** DATASET CONTENT follows **

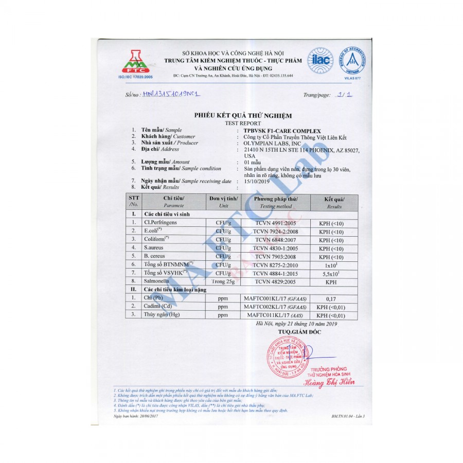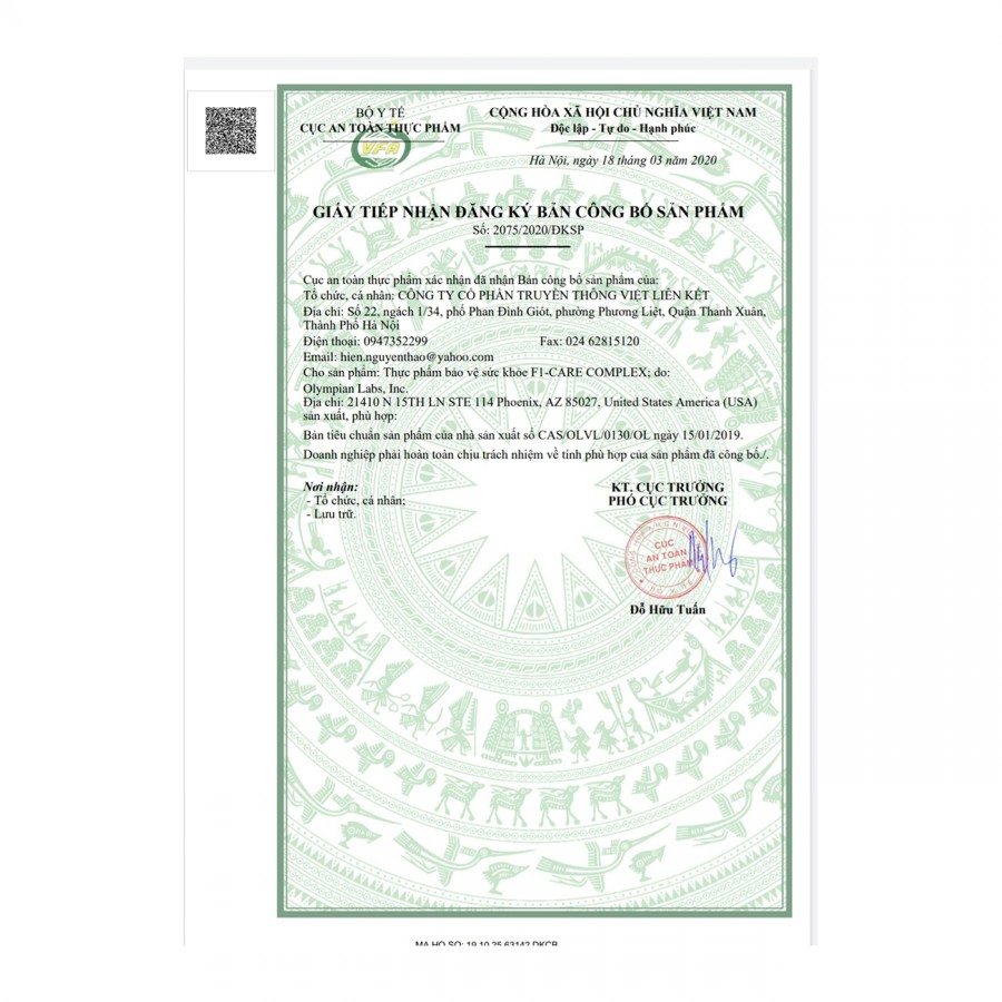 Các sản phẩm, trong đó có F1-Care Complex Olympian Labs, đều được sản xuất trong nhà máy đạt chuẩn GMP và CGMP, kiểm định bởi NSF International – tổ chức uy tín hàng đầu thế giới về đánh giá chất lượng và an toàn.
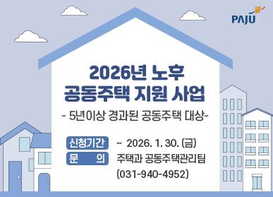 [금요저널] 파주시는 노후 공동주택의 안전성과 주거환경 개선을 위해 ‘2026년 노후 공동주택 시설물 보수 및 소규모 공동주택 유지관리 지원 사업’과 함께 ‘청소노동자 휴게시설 신청 지원 사업’을 추진한다고 밝혔다.
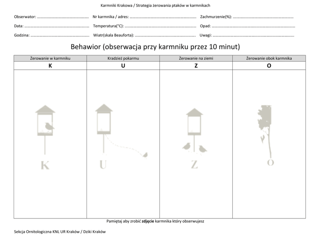 Karmniki Krakowa / Strategia żerowania ptaków w karmnikach Obserwator: ……………………………………………. Nr karmnika / adres: …………………………………………………………. Zachmurzenie(%): ….………………………………………………… Data: ……………………………………………………..… Temperatura(°C): ……………………………………………………………… Opad: ………………………………………………………………………… Godzina: ………………………………………………….. Wiatr(skala Beauforta): ……………………………………………………. Uwagi: ………………………………………………………………………. Behawior (obserwacja przy karmniku przez 10 minut) Żerowanie w karmniku Kradzież pokarmu Żerowanie na ziemi Żerowanie obok karmnika K U Z O Pamiętaj aby zrobid zdjęcie karmnika który obserwujesz Sekcja Ornitologiczna KNL UR Kraków / Dziki Kraków Karmniki Krakowa / Strategia żerowania ptaków w karmnikach Obserwacje w otoczeniu karmnika (w promieniu 50 m przez 10 minut) Uwagi: Sekcja Ornitologiczna KNL UR Kraków / Dziki Kraków
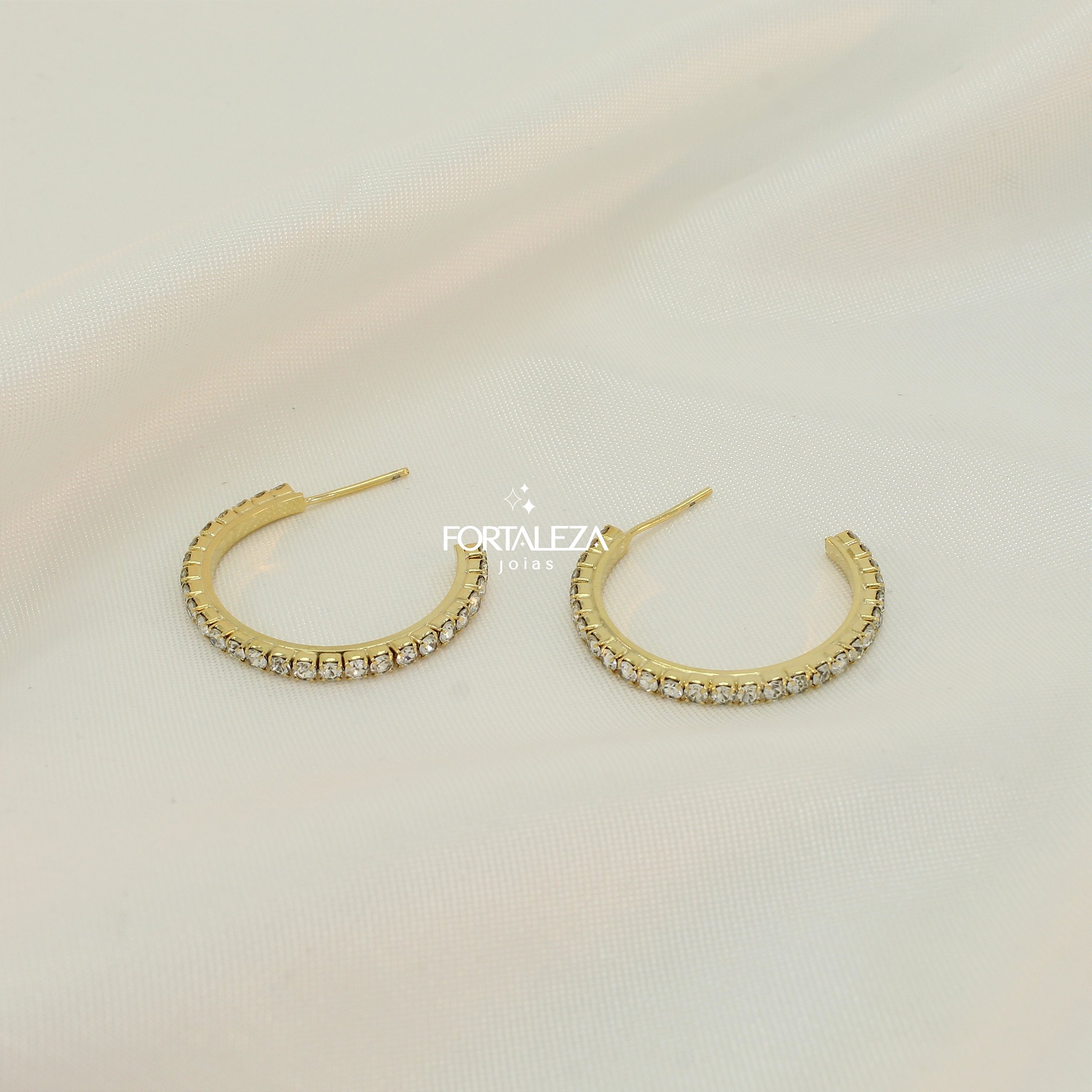 Brinco Argola Cravejado 3mm em Zircônia Banhado a Ouro 18k

** End of DATASET CONTENT **

• THE PROBLEM: Only the pictures are to be left out; repeat all other material exactly.

• FINISHED TASK:
 Các sản phẩm, trong đó có F1-Care Complex Olympian Labs, đều được sản xuất trong nhà máy đạt chuẩn GMP và CGMP, kiểm định bởi NSF International – tổ chức uy tín hàng đầu thế giới về đánh giá chất lượng và an toàn.
 [금요저널] 파주시는 노후 공동주택의 안전성과 주거환경 개선을 위해 ‘2026년 노후 공동주택 시설물 보수 및 소규모 공동주택 유지관리 지원 사업’과 함께 ‘청소노동자 휴게시설 신청 지원 사업’을 추진한다고 밝혔다.
 Karmniki Krakowa / Strategia żerowania ptaków w karmnikach Obserwator: ……………………………………………. Nr karmnika / adres: …………………………………………………………. Zachmurzenie(%): ….………………………………………………… Data: ……………………………………………………..… Temperatura(°C): ……………………………………………………………… Opad: ………………………………………………………………………… Godzina: ………………………………………………….. Wiatr(skala Beauforta): ……………………………………………………. Uwagi: ………………………………………………………………………. Behawior (obserwacja przy karmniku przez 10 minut) Żerowanie w karmniku Kradzież pokarmu Żerowanie na ziemi Żerowanie obok karmnika K U Z O Pamiętaj aby zrobid zdjęcie karmnika który obserwujesz Sekcja Ornitologiczna KNL UR Kraków / Dziki Kraków Karmniki Krakowa / Strategia żerowania ptaków w karmnikach Obserwacje w otoczeniu karmnika (w promieniu 50 m przez 10 minut) Uwagi: Sekcja Ornitologiczna KNL UR Kraków / Dziki Kraków
 Brinco Argola Cravejado 3mm em Zircônia Banhado a Ouro 18k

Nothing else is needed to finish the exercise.